[SUPPLIED RECORDS Boundary: Start]
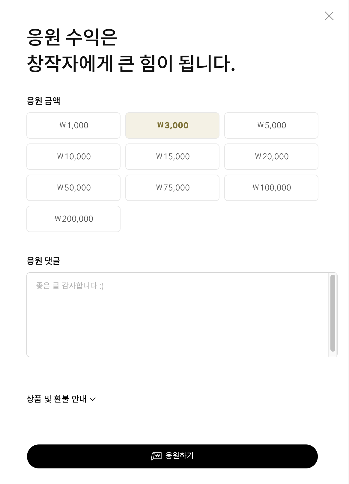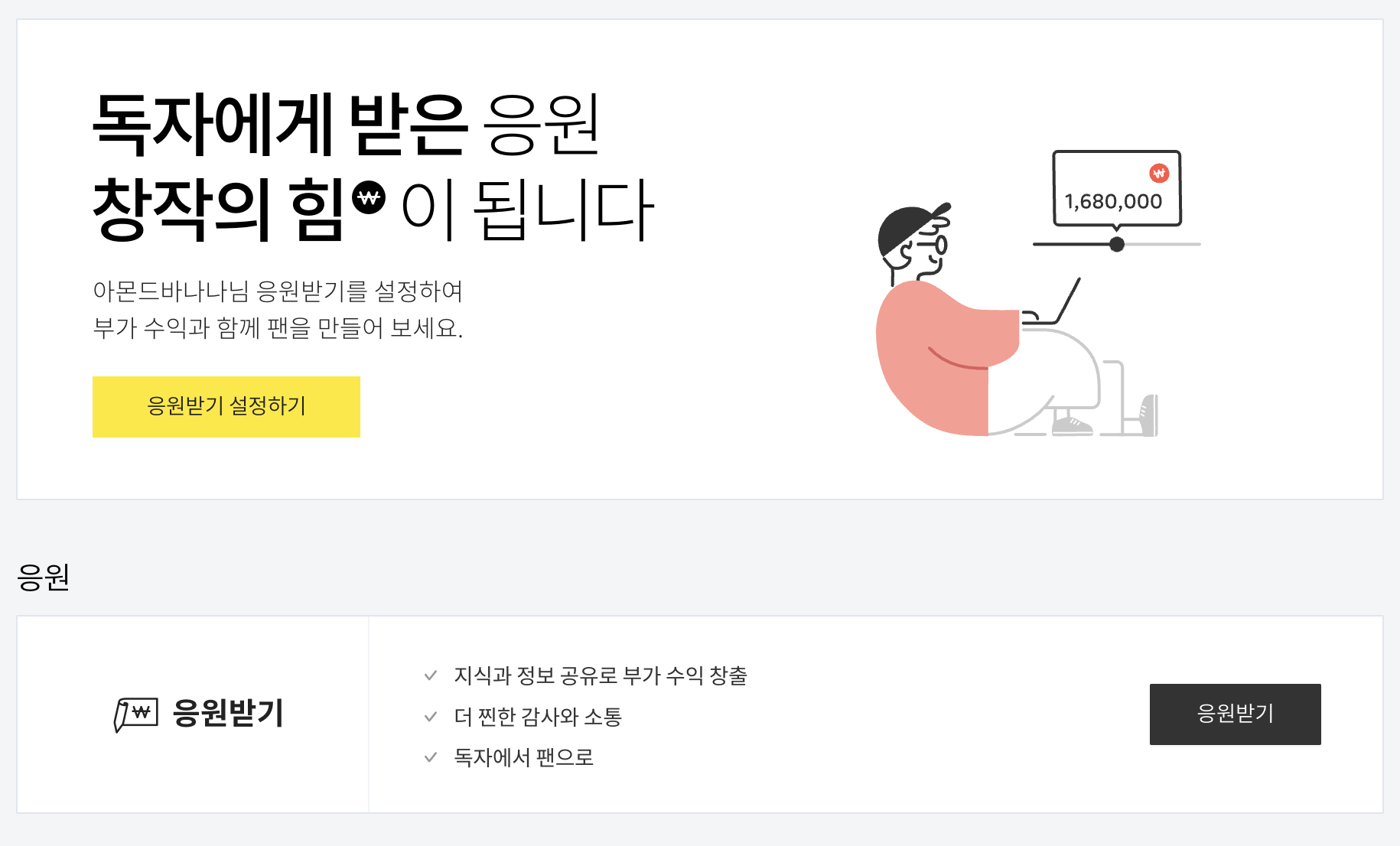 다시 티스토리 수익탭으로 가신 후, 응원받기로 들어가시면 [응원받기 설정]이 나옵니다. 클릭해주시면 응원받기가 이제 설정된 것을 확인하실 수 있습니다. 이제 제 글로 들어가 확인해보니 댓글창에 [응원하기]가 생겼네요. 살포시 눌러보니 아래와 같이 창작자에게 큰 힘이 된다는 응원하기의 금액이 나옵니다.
[SUPPLIED RECORDS Boundary: End]
[SUPPLIED RECORDS Boundary: Start]
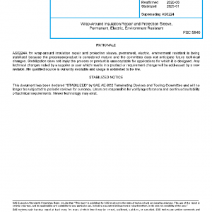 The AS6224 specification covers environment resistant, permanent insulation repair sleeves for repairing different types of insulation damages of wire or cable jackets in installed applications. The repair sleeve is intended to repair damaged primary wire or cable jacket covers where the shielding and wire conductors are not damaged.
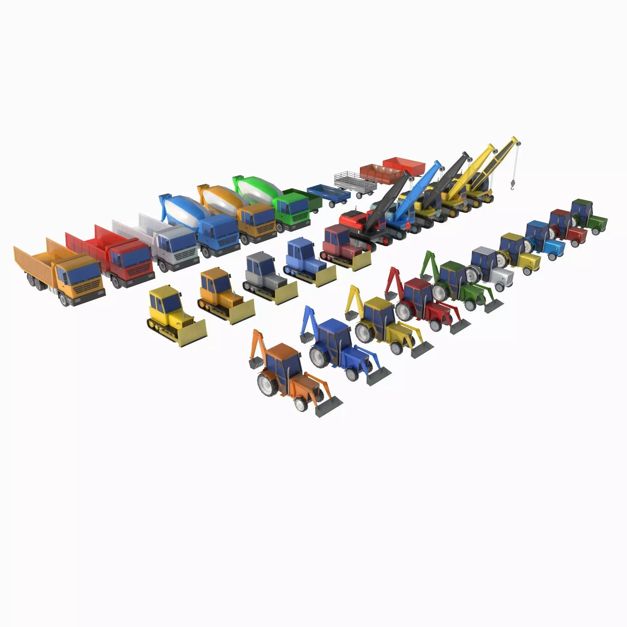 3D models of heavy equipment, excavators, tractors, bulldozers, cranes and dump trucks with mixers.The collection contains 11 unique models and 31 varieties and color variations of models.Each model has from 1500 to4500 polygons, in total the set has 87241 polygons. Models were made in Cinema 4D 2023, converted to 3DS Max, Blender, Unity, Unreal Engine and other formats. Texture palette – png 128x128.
[SUPPLIED RECORDS Boundary: End]
[SUPPLIED RECORDS Boundary: Start]
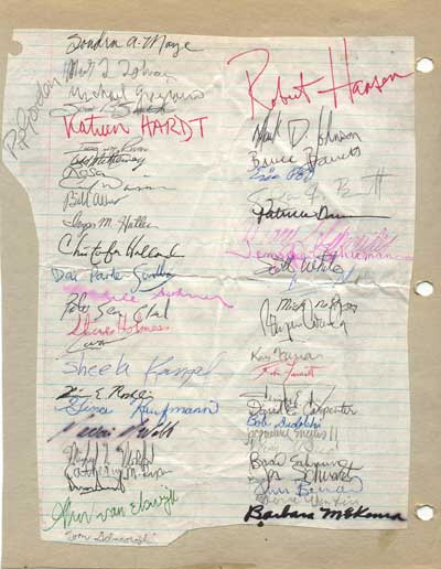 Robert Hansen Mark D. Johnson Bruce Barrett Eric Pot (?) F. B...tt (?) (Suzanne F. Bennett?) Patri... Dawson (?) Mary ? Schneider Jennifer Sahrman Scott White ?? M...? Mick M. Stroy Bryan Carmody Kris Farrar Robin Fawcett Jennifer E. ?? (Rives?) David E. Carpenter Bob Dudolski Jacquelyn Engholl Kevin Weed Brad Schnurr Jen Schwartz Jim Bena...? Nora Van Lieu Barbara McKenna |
[SUPPLIED RECORDS Boundary: End]
> **TASK DETAILS**
Every line from the one with "The AS6224 specification" through the one with "3D models of" is to be reproduced exactly as written above, and the pictures are to be dropped.

> **ANSWER TO THIS PROBLEM**
 The AS6224 specification covers environment resistant, permanent insulation repair sleeves for repairing different types of insulation damages of wire or cable jackets in installed applications. The repair sleeve is intended to repair damaged primary wire or cable jacket covers where the shielding and wire conductors are not damaged.
 3D models of heavy equipment, excavators, tractors, bulldozers, cranes and dump trucks with mixers.The collection contains 11 unique models and 31 varieties and color variations of models.Each model has from 1500 to4500 polygons, in total the set has 87241 polygons. Models were made in Cinema 4D 2023, converted to 3DS Max, Blender, Unity, Unreal Engine and other formats. Texture palette – png 128x128.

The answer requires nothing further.